May possible group structures improve the quality of predictions?
Chapter 4
Leroy et al. - Cluster-Specific Predictions with Multi-Task Gaussian Processes - Under submission in JMLR -


Are there different patterns of progression among swimmers?

Common representation and curve clustering

A common representation as functional data is proposed by using B-splines decomposition.

Clustering curves with FunHDDC algorithm (Bouveyron & Jacques - 2011, Schmutz et al. - 2020) highlights different patterns of progression. These groups, relating both on level and trend, are consistent groups with sport experts knowledge.

Limits in terms of modelling

This approach suffers from severe limitations such as:

  • unsatisfying individual modellings (side effects, sensibility to sparsity, ...),
  • a lack of probabilistic prediction methods,
  • persisting troubles with irregular measurements.


Can we provide probabilistic predictions of future performances?

Gaussian process regression

No restrictions on \(f\) but a prior distribution on a functional space: \(f \sim \mathcal{GP}(0,C(\cdot,\cdot))\)

  • Powerful non parametric method offering probabilistic predictions,

  • Computational complexity in \(\mathcal{O}(N^3)\), with N the number of observations,

  • Correspondence with infinitly wide (deep) neural networks (Neal - 1994, Lee et al. - 2018).

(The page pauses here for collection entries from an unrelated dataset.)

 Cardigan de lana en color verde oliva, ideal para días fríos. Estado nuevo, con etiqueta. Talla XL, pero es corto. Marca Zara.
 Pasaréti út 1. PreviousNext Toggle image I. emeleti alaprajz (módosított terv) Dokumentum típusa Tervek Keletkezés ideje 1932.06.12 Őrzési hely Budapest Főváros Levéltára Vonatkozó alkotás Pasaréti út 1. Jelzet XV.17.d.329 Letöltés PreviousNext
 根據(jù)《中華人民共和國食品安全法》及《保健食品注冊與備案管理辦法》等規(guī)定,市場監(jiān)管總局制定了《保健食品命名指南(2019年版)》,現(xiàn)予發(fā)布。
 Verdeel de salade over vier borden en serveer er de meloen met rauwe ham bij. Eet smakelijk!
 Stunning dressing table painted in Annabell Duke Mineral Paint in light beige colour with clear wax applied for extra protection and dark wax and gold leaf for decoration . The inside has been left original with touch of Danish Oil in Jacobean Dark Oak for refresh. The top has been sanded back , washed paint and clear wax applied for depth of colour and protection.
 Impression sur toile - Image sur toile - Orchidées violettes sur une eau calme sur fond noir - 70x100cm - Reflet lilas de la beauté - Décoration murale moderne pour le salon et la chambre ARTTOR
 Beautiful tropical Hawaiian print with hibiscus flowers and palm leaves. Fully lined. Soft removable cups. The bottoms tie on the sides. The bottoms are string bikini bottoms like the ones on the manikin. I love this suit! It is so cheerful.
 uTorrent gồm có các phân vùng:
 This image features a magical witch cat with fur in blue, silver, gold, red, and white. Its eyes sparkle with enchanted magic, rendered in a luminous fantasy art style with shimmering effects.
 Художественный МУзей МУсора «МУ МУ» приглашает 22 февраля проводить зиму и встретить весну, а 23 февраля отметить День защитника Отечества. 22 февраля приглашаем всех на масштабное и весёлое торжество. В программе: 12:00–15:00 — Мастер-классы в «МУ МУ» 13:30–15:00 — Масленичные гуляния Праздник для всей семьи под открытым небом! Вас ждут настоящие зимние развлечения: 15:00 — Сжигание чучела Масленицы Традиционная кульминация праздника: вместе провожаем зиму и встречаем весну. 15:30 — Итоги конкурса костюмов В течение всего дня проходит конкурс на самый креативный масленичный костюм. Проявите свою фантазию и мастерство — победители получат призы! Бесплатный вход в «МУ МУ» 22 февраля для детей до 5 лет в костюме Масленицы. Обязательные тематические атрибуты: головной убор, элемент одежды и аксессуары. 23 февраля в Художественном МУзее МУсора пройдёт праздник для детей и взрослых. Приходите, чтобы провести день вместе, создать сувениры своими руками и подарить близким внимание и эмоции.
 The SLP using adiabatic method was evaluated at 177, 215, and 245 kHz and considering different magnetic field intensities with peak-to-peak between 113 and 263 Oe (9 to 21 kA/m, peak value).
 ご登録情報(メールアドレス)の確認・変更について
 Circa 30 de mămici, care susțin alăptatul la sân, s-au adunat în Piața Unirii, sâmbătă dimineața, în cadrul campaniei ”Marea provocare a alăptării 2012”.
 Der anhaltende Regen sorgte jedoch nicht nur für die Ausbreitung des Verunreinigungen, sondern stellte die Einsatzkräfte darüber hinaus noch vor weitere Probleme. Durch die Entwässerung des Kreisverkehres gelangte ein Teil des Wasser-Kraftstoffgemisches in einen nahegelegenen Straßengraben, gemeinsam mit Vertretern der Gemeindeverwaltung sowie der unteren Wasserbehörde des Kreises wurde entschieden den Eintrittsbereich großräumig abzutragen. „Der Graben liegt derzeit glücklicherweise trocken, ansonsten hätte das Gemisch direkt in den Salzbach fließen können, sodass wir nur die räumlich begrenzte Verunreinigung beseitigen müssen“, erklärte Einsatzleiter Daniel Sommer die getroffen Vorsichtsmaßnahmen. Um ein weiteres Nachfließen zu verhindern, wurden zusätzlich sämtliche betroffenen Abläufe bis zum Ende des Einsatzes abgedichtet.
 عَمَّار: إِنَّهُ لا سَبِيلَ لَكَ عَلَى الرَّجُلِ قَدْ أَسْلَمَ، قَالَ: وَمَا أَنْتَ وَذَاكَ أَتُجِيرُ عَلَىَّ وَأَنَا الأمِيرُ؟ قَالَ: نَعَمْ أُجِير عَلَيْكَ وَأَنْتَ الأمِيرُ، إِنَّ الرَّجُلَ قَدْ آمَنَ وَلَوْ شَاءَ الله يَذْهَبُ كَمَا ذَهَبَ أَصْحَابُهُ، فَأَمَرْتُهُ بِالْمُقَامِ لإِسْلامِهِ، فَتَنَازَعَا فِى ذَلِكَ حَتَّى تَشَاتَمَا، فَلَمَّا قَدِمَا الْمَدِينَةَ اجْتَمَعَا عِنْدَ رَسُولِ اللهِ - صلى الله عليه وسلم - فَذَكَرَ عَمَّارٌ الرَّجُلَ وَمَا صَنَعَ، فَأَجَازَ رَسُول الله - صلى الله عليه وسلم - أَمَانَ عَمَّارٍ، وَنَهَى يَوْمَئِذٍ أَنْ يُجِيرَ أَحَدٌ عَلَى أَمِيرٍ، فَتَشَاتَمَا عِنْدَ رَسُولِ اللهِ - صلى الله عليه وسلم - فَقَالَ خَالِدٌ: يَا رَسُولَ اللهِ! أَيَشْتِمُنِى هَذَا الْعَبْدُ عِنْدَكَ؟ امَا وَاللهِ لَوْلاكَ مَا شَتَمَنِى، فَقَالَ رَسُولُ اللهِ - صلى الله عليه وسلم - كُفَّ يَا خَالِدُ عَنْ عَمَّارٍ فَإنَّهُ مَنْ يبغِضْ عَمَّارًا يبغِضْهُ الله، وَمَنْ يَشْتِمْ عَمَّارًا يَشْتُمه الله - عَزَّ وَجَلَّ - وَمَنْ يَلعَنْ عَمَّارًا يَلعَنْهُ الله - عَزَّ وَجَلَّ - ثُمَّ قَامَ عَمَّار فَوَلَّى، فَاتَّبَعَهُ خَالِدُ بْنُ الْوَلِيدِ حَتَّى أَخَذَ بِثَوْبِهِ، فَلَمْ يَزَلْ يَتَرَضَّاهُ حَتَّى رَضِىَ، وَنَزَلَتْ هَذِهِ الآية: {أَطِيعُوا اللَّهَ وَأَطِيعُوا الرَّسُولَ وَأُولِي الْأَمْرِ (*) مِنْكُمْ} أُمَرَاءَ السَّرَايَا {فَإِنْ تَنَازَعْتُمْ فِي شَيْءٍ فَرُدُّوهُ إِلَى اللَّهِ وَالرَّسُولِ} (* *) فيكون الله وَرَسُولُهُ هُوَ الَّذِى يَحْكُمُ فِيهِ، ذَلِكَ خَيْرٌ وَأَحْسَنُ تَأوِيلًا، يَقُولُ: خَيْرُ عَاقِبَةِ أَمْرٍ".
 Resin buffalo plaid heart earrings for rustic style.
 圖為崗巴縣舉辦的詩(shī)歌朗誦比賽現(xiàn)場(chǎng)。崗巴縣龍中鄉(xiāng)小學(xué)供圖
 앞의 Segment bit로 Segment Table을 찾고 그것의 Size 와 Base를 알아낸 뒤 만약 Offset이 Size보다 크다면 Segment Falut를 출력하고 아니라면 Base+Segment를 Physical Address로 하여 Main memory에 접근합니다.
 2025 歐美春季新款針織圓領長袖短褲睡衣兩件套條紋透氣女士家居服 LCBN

Modelling and prediction with a unique GP

GPs provide an ideal framework for modelling although insufficient for direct predictions.

Multi-task GP with common mean (Magma)

\[y_i = \mu_0 + f_i + \epsilon_i\]


  • \(\mu_0 \sim \mathcal{GP}(m_0, K_{\theta_0}),\)

  • \(f_i \sim \mathcal{GP}(0, \Sigma_{\theta_i}), \ \perp \!\!\! \perp_i,\)

  • \(\epsilon_i \sim \mathcal{GP}(0, \sigma_i^2), \ \perp \!\!\! \perp_i.\)

It follows that:

\[y_i \mid \mu_0 \sim \mathcal{GP}(\mu_0, \Sigma_{\theta_i} + \sigma_i^2 I), \ \perp \!\!\! \perp_i\]

\(\rightarrow\) Unified GP framework with a common mean process \(\mu_0\), and individual-specific process \(f_i\),

\(\rightarrow\) Naturaly handles irregular grids of input data.

Goal: Learn the hyper-parameters, (and \(\mu_0\)'s hyper-posterior).
Difficulty: The likelihood depends on \(\mu_0\), and individuals are not independent.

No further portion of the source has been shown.